Эйлин грустно улыбнулась.
– Пожалуй, это не только на Востоке… – сказала она.
И Мария Резштадт тотчас благоразумно согласилась с ней.
– Конечно, не только! – отвечала она. – У нас и здесь есть рабыни. А в Америке тоже? – И она блеснула своими ослепительно-белыми зубами.
Эйлин рассмеялась, подумав о своей рабской привязанности к Каупервуду. Но как же так?

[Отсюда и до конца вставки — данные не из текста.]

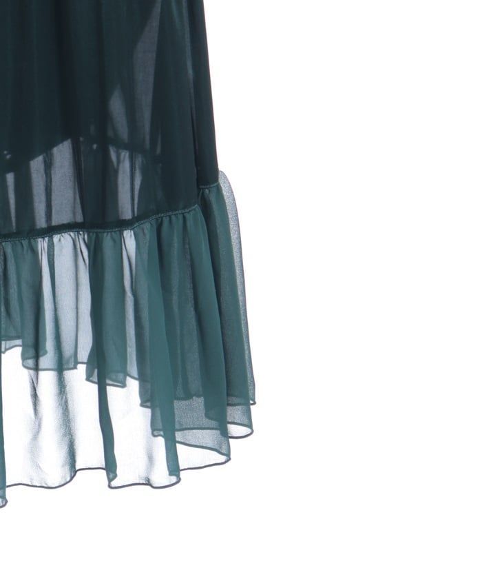 Chiffon frills peek out from the hem, making it a focal point of any outfit.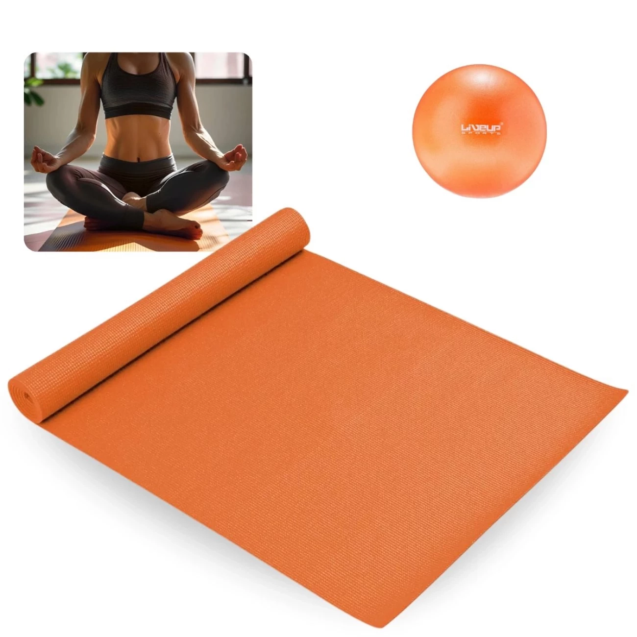 Kit Overball 25cm Laranja + Colchonete Antiderrapante Tapete Yoga 1,73m Treino Exercicios Pilates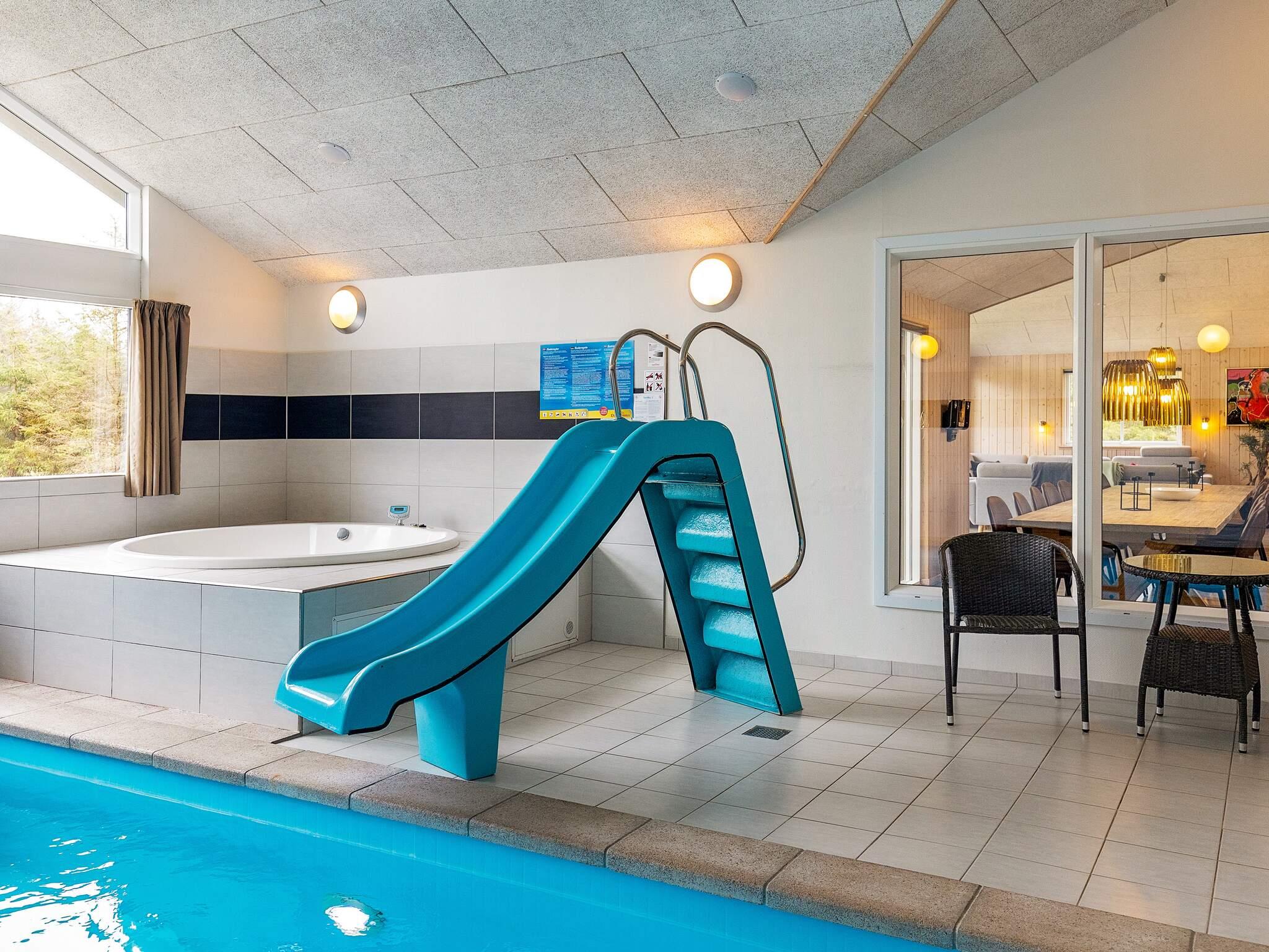 Dette velindrettede feriehus i Ålbæk har en swimmingpool med rutsjebane , som børnene kan boltre sig i, og ren afslapning i spabadet til 4-6 personer og saunaen, der ligger i poolrummet. I aktivitetsrummet kan du spille billard og derefter et spil bordtennis. Der er også bordfodbold, dart og en bar.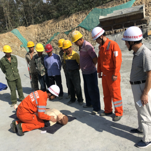 演练共分为:参加演练人员集结、现场模拟伤者受伤倒地、伤者工友大声呼救、现场管理人员发现事故后立即向指挥组汇报情况、指挥长接到汇报后立即组织救援、应急救援组迅速赶往事故地点、了解情况,对伤者进行简单救护后将伤者送往医院、演练总结等过程,参加人员10人。
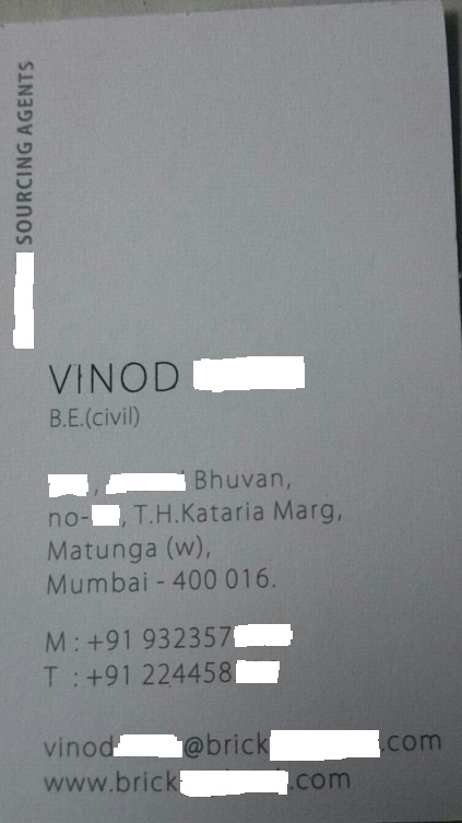 Đây là card visit của ông Vinod...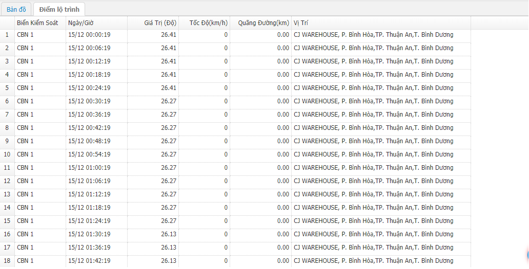 3. BÁO CÁO CHI TIẾT ĐIỂM LỘ TRÌNH THAY ĐỔI NHIỆT ĐỘ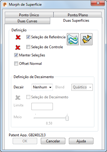 - Caso deseje manter as superfícies de controle e referência após tê-las utilizado para o morph, selecione Manter Seleções.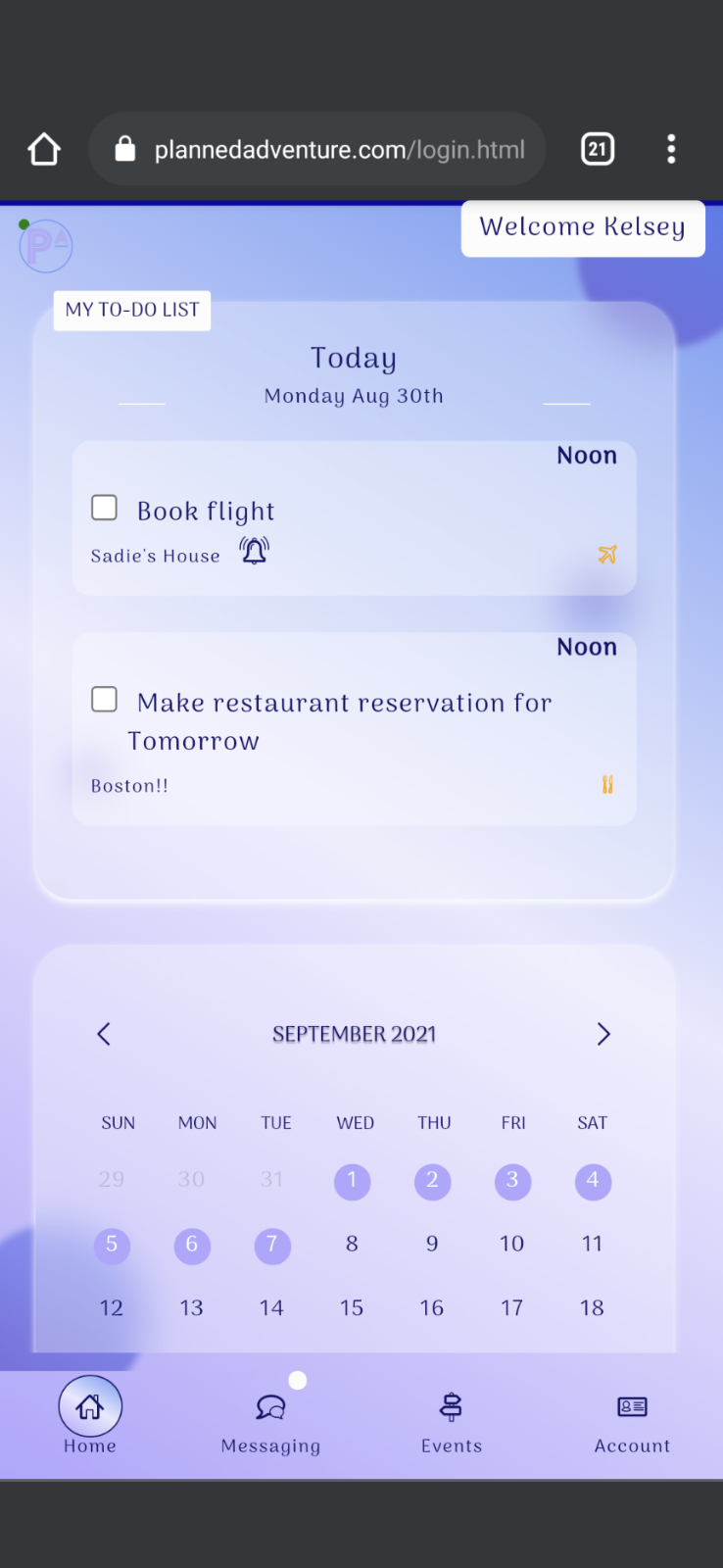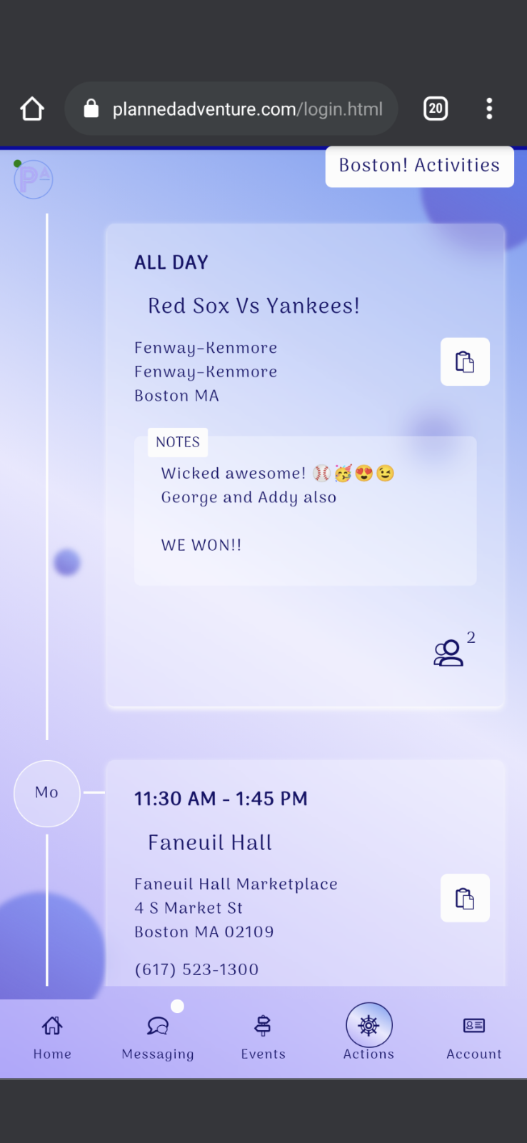 Have you ever taken a trip, a family vacation, or held an event? Maybe had a holiday get-together with friends and family? We have! And there can be a lot that goes into the planning and organization. Family holidays, vacationing, weekend get-a-ways are happening more and more each year. Maybe it’s a tradition. Unfortunately, finding a way to stay organized for not only yourself but everyone involved is remarkably difficult and, until now, involved using a half dozen different apps and finding a communication channel that works with everyone. That is why we created Planned Adventure. We believe there should be an easy way to travel, plan holiday gatherings, take spontaneous weekend trips, and more while keeping everyone in sync. Planned Adventure is your personal assistant when it comes to traveling and event planning. Planned Adventure makes it extremely easy for everyone to get involved! Who needs stress! We’ve included over a dozen different tools to help take the stress out of planning and organizing trips & events. Look at the awesome ways Planned Adventure helps you stay organized! Overview & Itinerary Attendees & RSVP Activities Meals Lodging Flights Ideas To-Do and reminders Notifications galore Supplies Memories! Receipts Messaging Map! Directions Privacy Traveling for business? Coming soon... What exactly does Planned Adventure offer? ~ one spot to manage everything! ~ add activities, lodging, and meals in advance - or - just use our convenient ‘Near Me’ feature to get the map of places right where you’re at. And for campers there is a special ‘Tag Me’ that’ll just use your GPS coordinates as your lodging. ~ Easy RSVP system included in the SMS messaging system ~ Easy Notification settings system using either the dashboard or the SMS messaging system ~ Instantly create a group chat using a SMS number specifically assigned to your event. ~ Advanced reminders and event notifications using SMS messaging system or PUSH notifications ~ Everyone can have their own supply list and the Host can assign supplies to anyone ~ Everyone can have their own To-Do items and the Host can assign To-Do items to anyone ~ Attendees can mask their phone number from other Attendees for privacy ~ Keep track of receipts (you can also add a pic of the receipt, can be marked as private) and always be able to find the receipt in case you ever need it. ~ Much more! Make the most out of your trip or event. Whether you are planning everything in advance or not, Planned Adventure has everything you need to capture the whole event and make a great event log/digital scrapbook for years to come.. There’s nothing to download! You don’t have to convince everyone to go to the App stores. Just go to the Planned Adventure website and you can install it right on your homescreen. It’s new technology! Getting started is easy and FREE! Create your first adventure TODAY!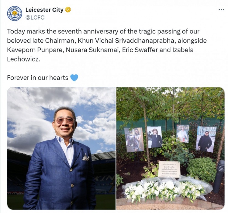 莱斯特城社媒晒出维猜的照片,写道:“今天是我们敬爱的已故主席维猜,以及蓬帕莱、·苏克纳迈、斯瓦弗和莱霍维奇不幸离世的七周年纪念日。永远在我们心中。”

Почему эта женщина чувствует себя так независимо, живет как хочет, ни к кому не привязана, а если даже у нее и есть какая-нибудь привязанность, это не доставляет ей никаких мучений… А она, Эйлин… И ей очень захотелось познакомиться поближе с Марией Резштадт, чтобы научиться у нее этому спокойствию, равнодушию и пренебрежению ко всяким условностям.
Мадам Резштадт, со своей стороны, тоже, по-видимому, заинтересовалась Эйлин. Она расспрашивала ее о жизни в Америке, осведомилась, долго ли Эйлин пробудет в Париже, где она остановилась, и предложила встретиться на другой день и пойти куда-нибудь вместе пообедать. Эйлин с радостью ухватилась за это предложение.
Однако мысли ее беспрестанно возвращались к утренней прогулке с Толлифером, ко всем их бесчисленным походам по разным ателье и магазинам. Советы и рекомендации, которых она наслушалась во всех этих модных заведениях, открыли ей глаза: оказывается, она недостаточно следит за своей внешностью, она выглядит совсем не так, как ей подобает. Разумеется, ей постарались внушить, что это отнюдь не поздно исправить, и тут же рекомендовали доктора и массажистку. И теперь ей прописана диета и какой-то совершенно чудодейственный массаж. Говорят, она сделается неузнаваемой, преобразится. И все это придумал Толлифер. А с какой целью? Зачем ему это нужно? Она до сих пор не замечала, чтобы он позволял себе с ней какие-нибудь вольности. У них просто очень хорошие дружеские отношения. Эйлин никак не могла объяснить себе, что это значит. Ах, не все ли равно! Каупервуд живет своей жизнью и не обращает на нее ни малейшего внимания. Надо же и ей как-нибудь заполнить свою жизнь.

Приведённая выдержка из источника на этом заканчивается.